시간-도메인 인코더(104)는 다음과 같이 운용할 수 있다. 선형 예측 분석 필터는 선형 예측 코딩 분석기(130)에 의해 출력되는 선형 예측 계수에 따라 오디오 신호(112)의 시간-도메인 코딩 방식 부분들을 필터링할 수 있다. 선형 예측 분석 필터(144)의 출력에서, 따라서 여진 신호(150)가 유래한다. 여진 신호는 근사장치(146)에 의해 근사치가 계산된다. 특히, 근사장치(146)는 예를 들면, 즉, 선형 예측 코딩들에 따른 각각의 합성 필터를 각각의 연진 신호들 상으로 적용한 후에, 합성된 도메인 내의 한편으로는 여진 신호(150) 및 다른 한편으로는 코드북 지수(66)에 의해 정의되는 것과 같은 합성으로 발생된 여진 신호의 유래에 의해, 정의되는 일부 양자화 측정의 최소화 또는 최대화에 의한 것과 같이 여진 신호(150)의 근사치를 계산하기 위하여 코드북 지수 또는 다른 파라미터와 같은 코드를 설정한다. 양자화 측정은 선택적으로 인지적으로 더 관련된 주파수 대역들에서 인지적으로 강조되는 유도들일 수 있다. 근사장치(146)에 의해 코드 세트에 의해 결정되는 혁신 여진은 혁신 파라미터로 불릴 수 있다.The time-domain encoder 104 can operate as follows. The linear prediction analysis filter may filter time-domain-coded portions of the audio signal 112 according to the linear prediction coefficients output by the linear prediction coding analyzer 130. At the output of the linear prediction analysis filter 144, the excitation signal 150 is therefore derived. The excitation signal is approximated by the approximation device 146. In particular, the approximation device 146 may be configured to apply excitation signals 150 on the one hand in the synthesized domain and on the other hand, in the synthesized domain, after applying the respective synthesis filter, e.g., according to the linear predictive coding, To calculate an approximation of the excitation signal 150, such as by minimizing or maximizing some of the quantization measurements defined by the origin of the excitation signal generated synthetically as defined by the codebook exponent 66, Or other parameters. The quantization measurement may optionally be cognitively highlighted indications in more cognitively more relevant frequency bands. The innovation excitation determined by the code set by the approximation device 146 may be referred to as an innovation parameter.
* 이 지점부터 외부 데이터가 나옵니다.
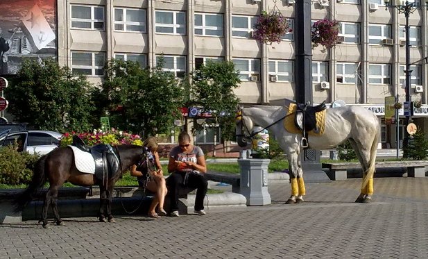 22 августа снова ездили сменой. Шаг, рысь, вольты, смена направления, строевой, полевой и тут тренер решила потешиться и дала команду "галоп". Есть у меня отрицательная черта, когда во время тренировки случается что-то новое, я впадаю в кратковременный ступор.. Зато Лоза в ступор не впадает :lol: Пока я тормозила, смена ушла галопом вперед, тело подчинилось команде "отомри", выслало кобылку в галоп и она ПОЛЕТЕЛА догонять своих. Мы красиво догнали впереди идущих, заняли свой третий номер, но не тут-то было, лошади не хотели идти строем, это было похоже на дикие скачки, какие-то. Головной был Демон, у него ноги длинные летел как пегасина, следом Лунная Ночь, тоже длинноногая, потом мы с Лозой, усиленно пытались не отстать, за нами Марк. Лоза летела выкладываясь полностью, если я пыталась ее притормозить - начинала мотать башкой, поэтому я оставила попытки. В какой -то момент на повороте Лоза увидела, что Марк идет к ней очень близко и попыталась козлануть, я не удержалась и вылетела ей на шею. Еду я, значит, у Лозы на шее и анализирую: ноги остались в стременах, можно попытаться сползти в седло, в седло не сползти - передняя лука мешается, лошадь моя несется за Демоном и останавливаться не собирается, если я сейчас попробую с нее прыгнуть - запачкаюсь, а бриджи только постирала.. буду ехать так, пока сама не остановится. Обняла я ее за шею покрепче и вроде даже пыталась рулить корпусом, чтобы она в поворот вписалась. Через некоторое время до нее дошло, что что-то не так и она перешла на рысь, а я благополучно оказалась в седле. Проехали мимо тренера, она спросила: "Адреналин ловишь?" Я задумалась, и оказалось, что адреналина нет, не испугалась совсем и думала о какой-то фигне в тот момент. Решили повторить галоп, во второй раз получилось лучше. :lol:

따라서, 근사장치(146)는 예를 들면, 프레임 방식 구문 요소(122)를 거쳐 그것과 관련된 시간-도메인 코딩 방식을 갖는 상응하는 프레임들 내로 삽입되도록 하기 위하여 시간-도메인 프레임 코딩 방식 당 하나 또는 그 이상의 혁신 파라미터를 출력할 수 있다. 차례로, 주파수-도메인 인코더(106)는 다음과 같이 운용할 수 있다. 변환기(132)는 부분 당 또는 그 이상의 스펙트럼을 획득하기 위하여 예를 들면, 겹침 변환을 사용하여 오디오 신호(112)의 주파수-도메인 부분들을 변환한다. 변환기(132)의 출력에서 결과로서 생기는 스펙트로그램은 선형 예측 코딩들에 따라 스펙트로그램을 표현하는 스펙트럼의 시퀀스를 형상화하는 주파수 도메인 잡음 형상기(136)로 들어간다. 이를 위하여, 선형 예측 코딩 변환기(134)는 스펙트럼을 스펙트럼으로 가중하기 위하여 선형 예측 코딩 분석기(130)의 선형 예측 계수들을 주파수-도메인 가중 값들로 전환한다. 이번에, 스펙트럼 가중은 선형 예측 분석 필터의 전달 함수가 생기는 것과 같이 실행된다. 즉, 선형 예측 코딩 계수들을 그리고 나서 스펙트럼 출력을 세분하는데 사용될 수 있는 스펙트럼 가중들로 전환하기 위하여 예를 들면, 홀수 이산 푸리에 변환이 사용될 수 있으며, 디코더 면에서 곱셈이 사용된다.Thus, the approximation device 146 may include one or more per-time-domain frame coding schemes to allow insertion into corresponding frames with a time-domain coding scheme associated therewith, for example, The above-mentioned innovation parameters can be outputted. In turn, the frequency-domain encoder 106 can operate as follows. The transformer 132 transforms the frequency-domain portions of the audio signal 112 using, for example, lapped transforms to obtain a spectrum per part or more. The resulting spectrogram at the output of the transducer 132 enters the frequency domain noise shaping unit 136, which shapes the sequence of spectra representing the spectrogram according to the linear predictive coding. To this end, the LPC transformer 134 converts the linear prediction coefficients of the LPC analyzer 130 to frequency-domain weighted values to weight the spectrum to the spectrum. This time, the spectral weighting is performed as if the transfer function of the linear prediction analysis filter occurs. That is, for example, an odd discrete Fourier transform can be used to convert the LPC coefficients into spectral weights that can then be used to refine the spectral output, and multiplication in the decoder plane is used.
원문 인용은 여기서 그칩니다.